High Strangeness: Entities and Bigfoots

Friday, July 13, 2012

Entities and Bigfoots

So I now have two UFO sightings to investigate, Cases #XXXXX and #XXXXX, and with any luck I will be able to begin both investigations within the next few days. I have been in contact with one of the witnesses, and hope to interview her in person next week. I have not made contact with the second witness yet, but if he checks his voice mail regularly he'll know I want to talk to him, and soon.

As exciting as that is, I still can't help wondering about the ones that got away... namely, the Close Encounter of the Fourth Kind involving creatures who "toyed with" a deer hunter in his hunting stand in Waushara County late last year, and the more recent and more local case that involves that loveable old hairy biped himself, Bigfoot, who apparently lives right here in my home county!

Luckily, now that I have complete access to MUFON's Case Management System (CMS), I can read up on those other investigations to see what my fellow MUFON Certified Field Investigators have uncovered...

The deer hunter case, as fun as it sounds, seems to lead up a blind alley. On the primary data form, the witness only gives his first name, Cxxxx, and the only narrative testimony consists of the simple statement: "They were life forms that trapped me in my deer hunting stand and toyed with me." The only other information on the form indicates that an object was sighted, and that it reflected light, made a noise and affected the witness physically.

Pretty slim pickings... But wait! Surely there's more information on Form 7, the "Entity Form." I click on Form 7 and find... nothing. No description of any sort. Cxxxx did not bother to fill in the check marks indicating the number of eyes, noses, mouths and ears the life forms possessed, nor did he indicate whether the eyes glowed.

God, I love MUFON Investigation Forms. How many forms do you get to fill out in life that seriously ask you to indicate how many eyes, ears, mouths and noses your new friend has? Not to mention whether the eyes glowed?

Anyway, an email was sent to Cxxxx, and it seems to have gone unanswered. Lastly, the case was assigned to MUFON's S.T.A.R. Team, which could be a thrilling development, except for the fact that the hotshots have decided to sit this one out.

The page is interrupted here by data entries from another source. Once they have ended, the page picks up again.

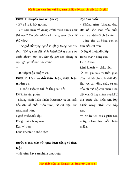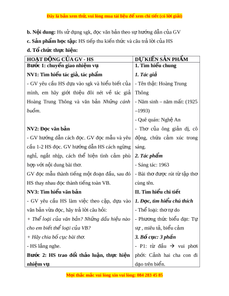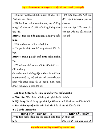Đây là bản xem th , vu ử i lòng mua tài li u ệ đ xe ể m chi ti t ế (có l i ờ gi i ả ) + HS nghe và đ t ặ câu h i ỏ liên quan đ n bài ế h c ọ - P2: ti p ế theo đ n ế “để con Dự ki n s ế n ả phẩm: đi”: cu c ộ trò chuy n ệ gi a ữ hai + Bài thơ đư c ợ vi t ế theo thể th ơ t ự do, só dòng cha con.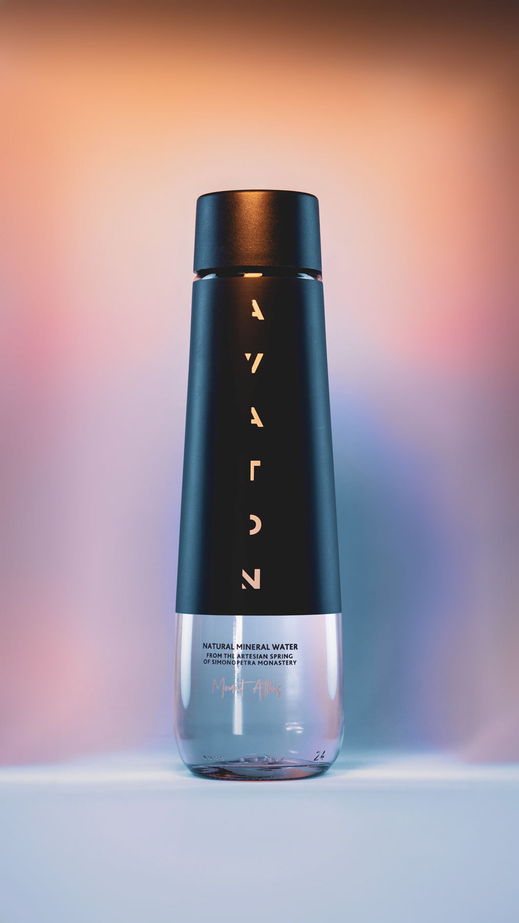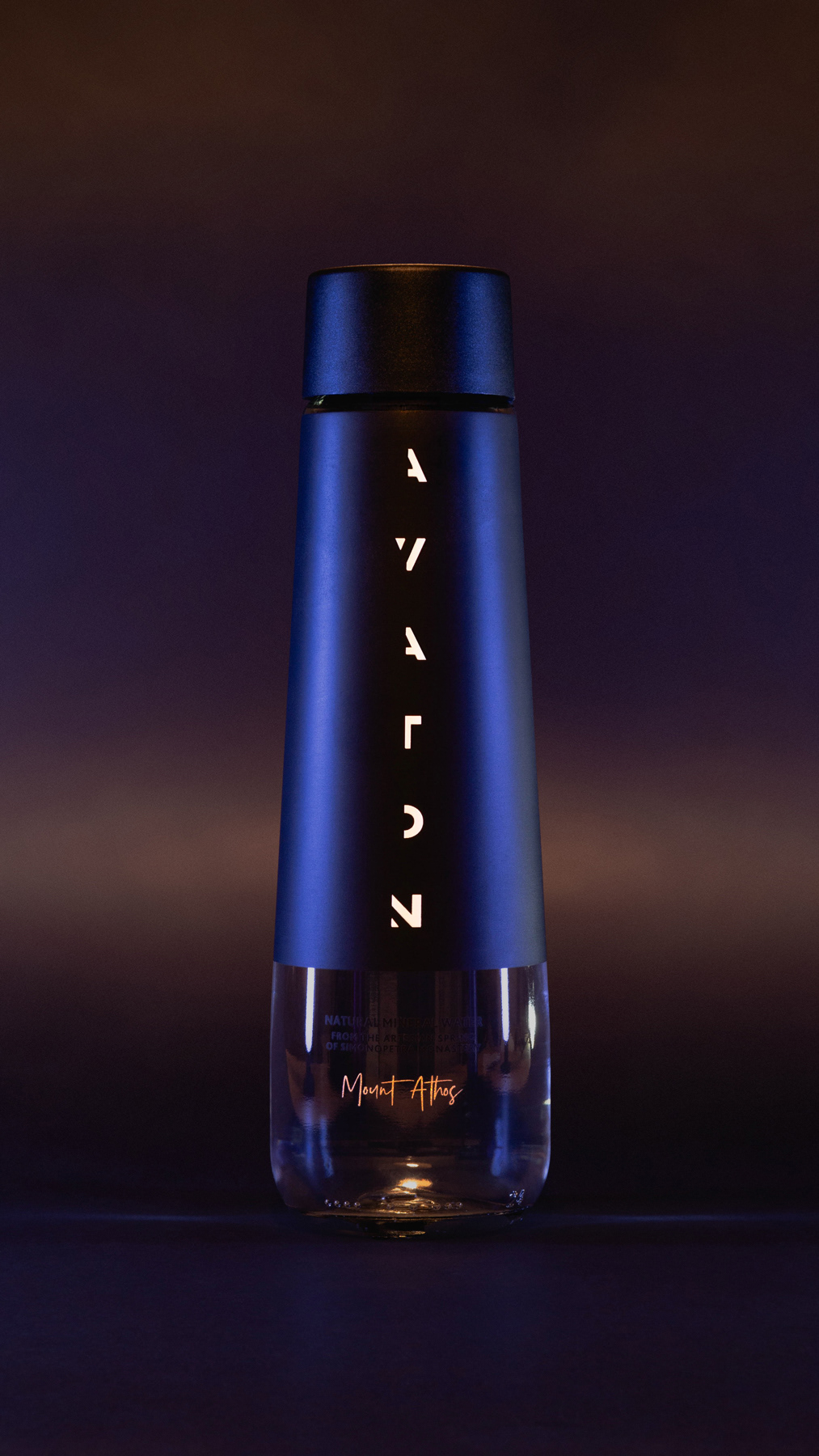 We did: Self-initiated product shoot for Avaton, a premium natural mineral water sourced from the artesian spring of Simonopetra Monastery in Mount Athos, Greece. The project included a full studio photography session and a short-form video reel for Instagram. The session explored multiple lighting setups and color temperatures — from deep moody blues and warm amber gradients to clean backlit studio shots — to highlight the bottle's distinctive tapered silhouette and matte-to-glass transition. We handled creative direction, lighting design, shooting, video editing, and full post-production.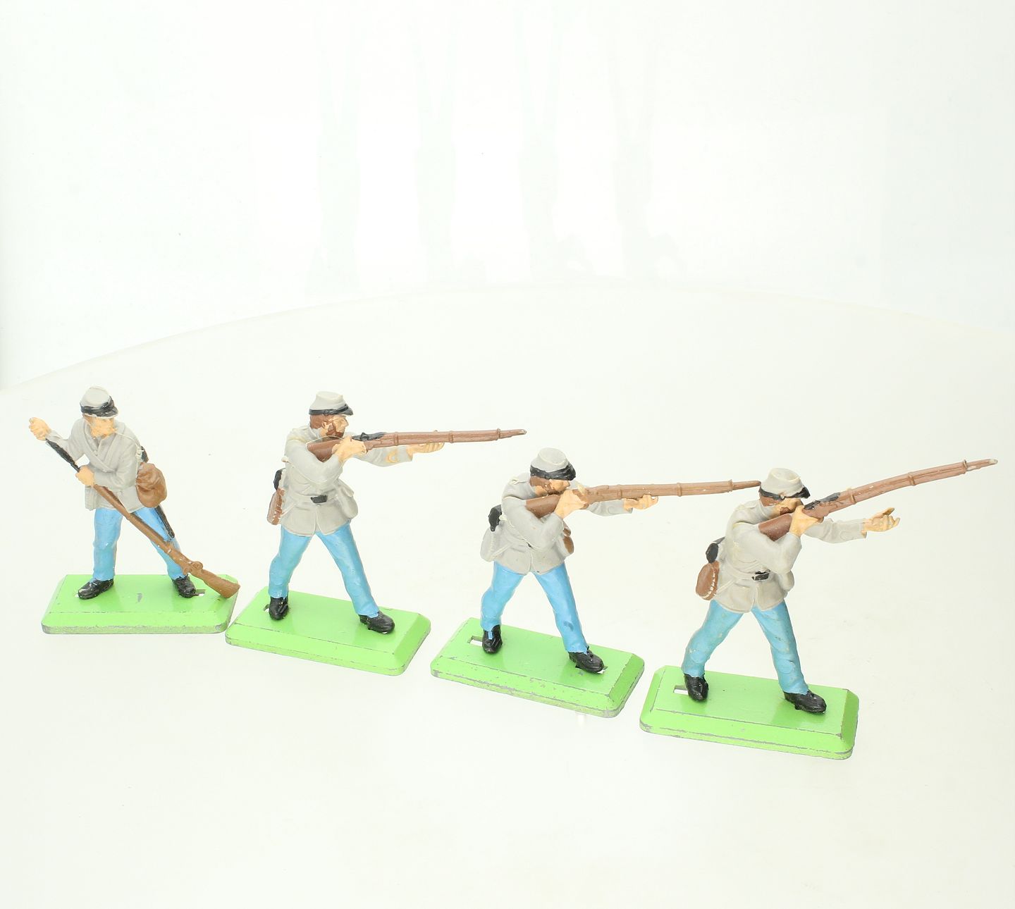 Deetail Britains LTD - En samling soldater monteret på plader af grøn og gul bemalet metal. Made in England. H. ca. 5-6 cm.

But what about Bigfoot? Surely he has generated a juicier case report than the toying life forms of Waushara County. Let's find out...

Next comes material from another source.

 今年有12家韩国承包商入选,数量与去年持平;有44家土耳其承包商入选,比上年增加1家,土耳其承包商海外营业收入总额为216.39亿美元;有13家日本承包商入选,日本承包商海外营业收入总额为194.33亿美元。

Upon opening the file I am immediately confused because Vxxxx, my State Director, told me that she was investigating this one, but the CMS entry lists this case as "Completed," and classified as an "IFO -- Natural Phenomenon." Hmmm...

Still, I need to know more, and the primary data form tells a pretty detailed story. The witness and his/her friend have been seeing a glowing orb hovering over a woodsy, marshy, duck pond-y area pretty much every Saturday night from 8 to 10 pm. Sometimes they watch it from a pickup truck, sometimes they stand outside and watch, and the only time they have tried to approach it, it has vanished. So, ok, it's a "natural phenomenon," according to the boss, but it also happens to have appeared in an area where the two witnesses have been looking for Bigfoot.

Maybe I'm too much of a stickler, but is it wrong of me to wonder why these two people have been looking for Bigfoot in this particular woodsy, marshy, duck pond-y area in Jefferson County, Wisconsin? Has Bigfoot been sighted here in the recent past? What information are they privvy to?

This is where it gets good. It turns out that the person who submitted the UFO report is part of a "Bigfoot Team." A Bigfoot Team. Right here in my own county.

My son Nxxx just asked "How did you not know about this? How did you not start this?" I was nonplussed. How could I have not known? It's embarrassing.

One of the defining characteristics of Bigfoot is that he has large feet, as illustrated here.
Anyway, the BT (Bigfoot Team) consists of three people -- possibly neighbors of mine, possibly my kids' teachers, possibly the guy who delivers my mail or the gal who cuts my hair or the guy who works on my car -- who regularly patrol this woodsy, etc., area somewhere within a few miles of where I'm sitting now. And what do they do there, besides mistake natural phenomenon for UFOs for hours at a time? They do what any Bigfoot Team would do: they take plaster castings of huge humanoid footprints they find in the soil, they make note of unnatural manipulation of tree branches, they set up remote surveillance cameras that never work when they want them to, and they leave out bananas.

They are also very secretive about their identities and the location of their hunting grounds, and are described as being "very protective" of Bigfoot, which would be touching if it wasn't so damned irritating and selfish. Protective of Bigfoot? Why, if that hairy beast wandered into town it could cause a panic. It might even hurt or kill someone. Protective of Bigfoot? What about the children?

I need to get in touch with these people, and I have an idea for how to do it: I could print up nice little signs that say "Psst: I have information about Bigfoot. Call me at 555-555-5555" (that's not my real number, so don't bother to call -- I would use my real number on the real signs), then leave the signs in the banana section of all the produce aisles of all the supermarkets in the county.

'Cause you know who's buying up all the bananas around here.